We just surveyed our customers and related customers using log data for SIEM/IT Ops/Compliance and got a lot of interesting insight into what features people are using. We're hoping to get some cool stories as a part of ongoing research, hopefully we'll get some we can share.
Here are some that come to mind while people get participating:
1. Company has a situation where downtime directly costs them money, but does not invoke any regulatory compliance issues. A virus, an outage, etc, means people are literally not spending money with them, and seconds tick by fast. A security issue causes at least an hour's worth of downtime and could put them out for the entire day. For all these reasons, they have service accounts that they have to share the passwords to (think whiteboard with passwords that have admin access to a set of servers) so that a set of operators can fix issues quickly. Their IT team had thought they restricted usage of these accounts via GPO, since they were highly privileged. Not so - we were able to audit usage of these accounts, find people logging on to them, and making unexpected changes to their own systems (like adding themselves to local admins, installing software, etc).
2. We used an example in the first SolarWinds Lab episode of a customer whose firewall kept going down, down, down, regardless of what they did. Their connections were being used up so quickly they thought there was a bug in their firmware. Interface utilization was off the charts. We were able to figure out it was actually a worm - almost every machine in their infrastructure was infected. They were a healthcare org so it wasn't business crippling entirely, but all of their remote sites/clinics were isolated (connected back via VPN - which couldn't connect or maintain) which affected patient care, access to records, etc. We were able to resolve it by identifying infected machines, cleaning them up, then continuing to filter and monitor for new infections.
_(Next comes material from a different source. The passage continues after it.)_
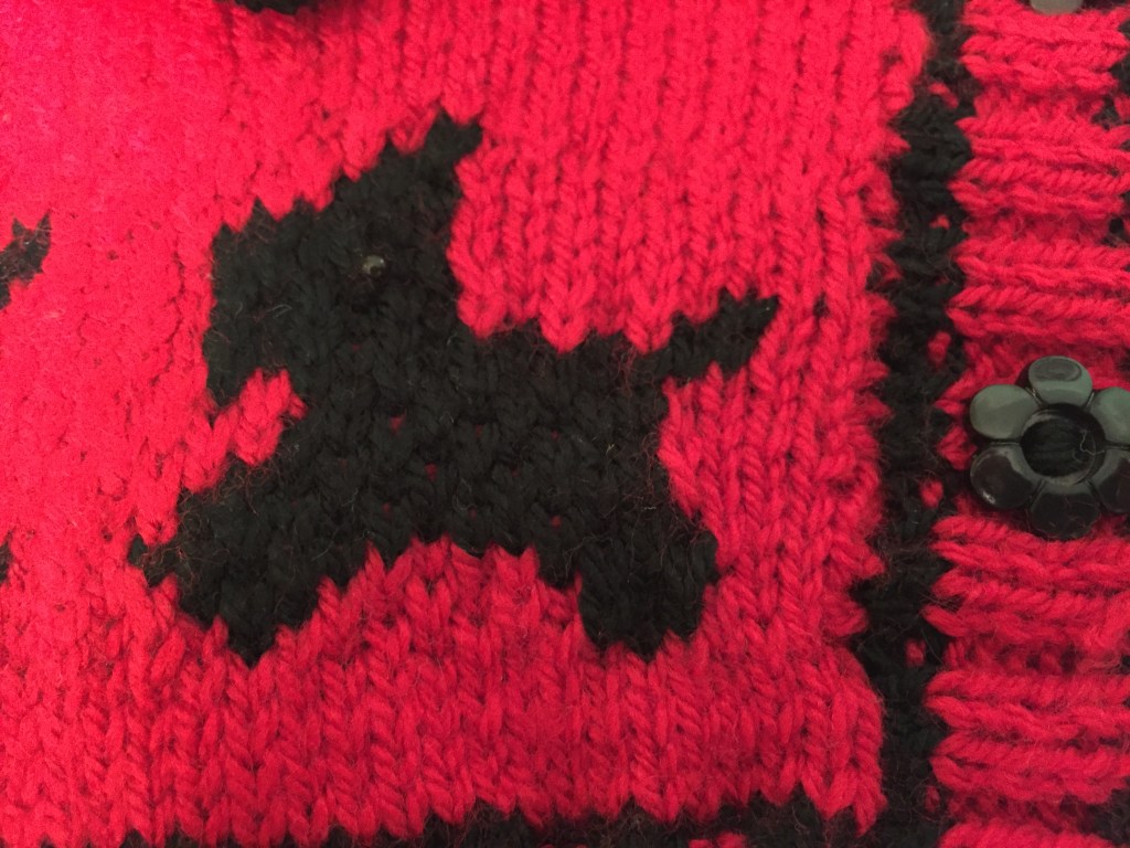 I love it when you find the perfect item to knit for someone. I just have to knit something when anyone I know has a baby, so when my friends had a little girl I found this Sirdar pattern (since discontinued). I simply had to make it as they have a little black terrier.

3. When I managed IT for TriGeo before acquisition, I ran into all kinds of stuff that would have taken me forever without a system aggregating logs. However, the most amusing thing was everyone knowing we used it, and coming to me when issues happened before I really knew they were a problem - because they assumed that in a "big brother" sort of way I already knew (Sometimes I did, sometimes I didn't - yet.) I could probably drag out a bunch of stories of how logs saved my bacon or really sped up my job, I'm pretty sure if we didn't we'd have had to hire "real" IT people other than myself and a couple of people who helped on both helpdesk level support and our hardware burn-in/imprint process.